И это не из-за отсутствия попыток.
Я готовил ее любимый зеленый чай с ванилью, но у нее слезятся глаза, когда она его видит. Она почти не трогает ваниль.
Целую неделю она даже мороженого не ела. Тогда я понял, что что-то действительно не так. Можно заставить наркомана десятилетиями бросить курить, но невозможно отделить Гвен от ее ванильной одержимости.
После того, как кашель утих, я прочищаю горло.
– Ты что?
– Беременна. У меня внутри ребенок. Ты станешь дедушкой.
Ого. Ладно.
Когда они сказали, что я лучше всех умею работать под давлением, они ни хрена не упомянули об этом.
Они не включали небольшой лакомый кусочек, в котором говорится, что моя дочь будет чертовски беременна. В двадцать. Клянусь жизнью моего бывшего друга.
Я стучу посудой по столу.
– Вот и все.

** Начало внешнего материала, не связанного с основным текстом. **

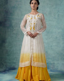An ombre dyed Anarkali cotton slip is topped with an organza jacket that is beautifully embroidered in the front and has an openable front. Fabric: Organza silk & satinEmbroidery details:...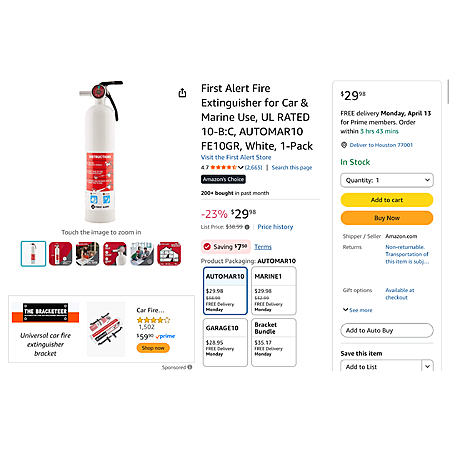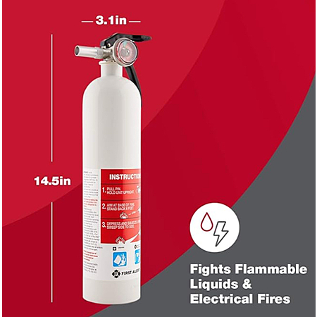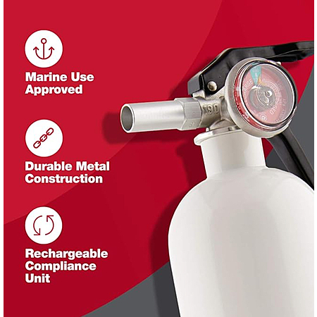 First Alert's AUTOMAR10 Marine Fire Extinguisher is UL rated 10 B:C; It features a durable metal head and commercial grade valve and trigger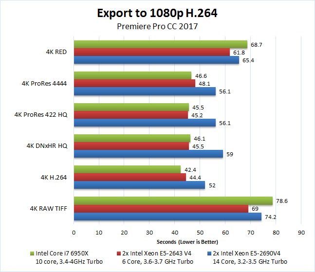 Even ignoring the price aspect, we rarely saw any benefit to using either of the dual Xeon CPUs we tested over the Core i7 6950X. There were a few times where rendering previews was faster (6K/8K RED) but for the other previews, exporting, warp stabilize, and even live playback performance going with the Core i7 6950X is clearly a better choice.

Я убью этого гребанного ублюдка.
На самом деле, я должен был убить его, когда мы впервые встретились. Таким образом, этого бы никогда не произошло.
Обычно, когда я угрожал жизни Нейта, Гвен вставала и останавливала меня. Она обнимала меня и держала за руку, потому что знала, что успокаивает меня, но не сдвигается с места и продолжает раскладывать ветчину по тарелке.
– Тогда ты оставишь меня вдовой и матерью-одиночкой. Не говоря уже о том, что твой внук или внучка останется без отца.
Мои кулаки сжимаются на краю стола, и я сожалею, что не взял с собой зажигалку, потому что сейчас для этого чертовски идеальное время.
– Нейт – отец?
Затем она смотрит на меня, в ее глазах вспыхивает огонь. Мне всегда нравилась эта ее часть – решимость и борьба. Я думал, она получила это от меня, но теперь, когда я приглядываюсь, я как будто смотрю в глаза ее матери.
К черту Аспен.
К черту ее существование и то, что она мать самого драгоценного в моей жизни.
Не могу поверить, что когда-то трахнул ее. Молодой я был чертовым идиотом из-за того, что влюбился в эту ведьму.
Горячую ведьма, но я отвлекся.
– Конечно, он отец. Ты думаешь, я могу спать с несколькими мужчинами одновременно или что-то в этом роде? Ты вырастил меня лучше, чем это.
– Я не имел в виду этого, – хотя, черт возьми, я бы хотел, чтобы она это сделала. По крайней мере, тогда я мог бы убить его красивым и простым способом.
Теперь это сложно.
Моя жизнь второй раз резко меняется из-за незапланированной беременности.
Или, может быть, это запланировано.
Я прищуриваюсь на Гвен.
– Какой срок?
– Пять недель.
– Когда у тебя были последние месячные?
– Около шести недель назад.
– Ты принимала противозачаточные. Так почему же перестала?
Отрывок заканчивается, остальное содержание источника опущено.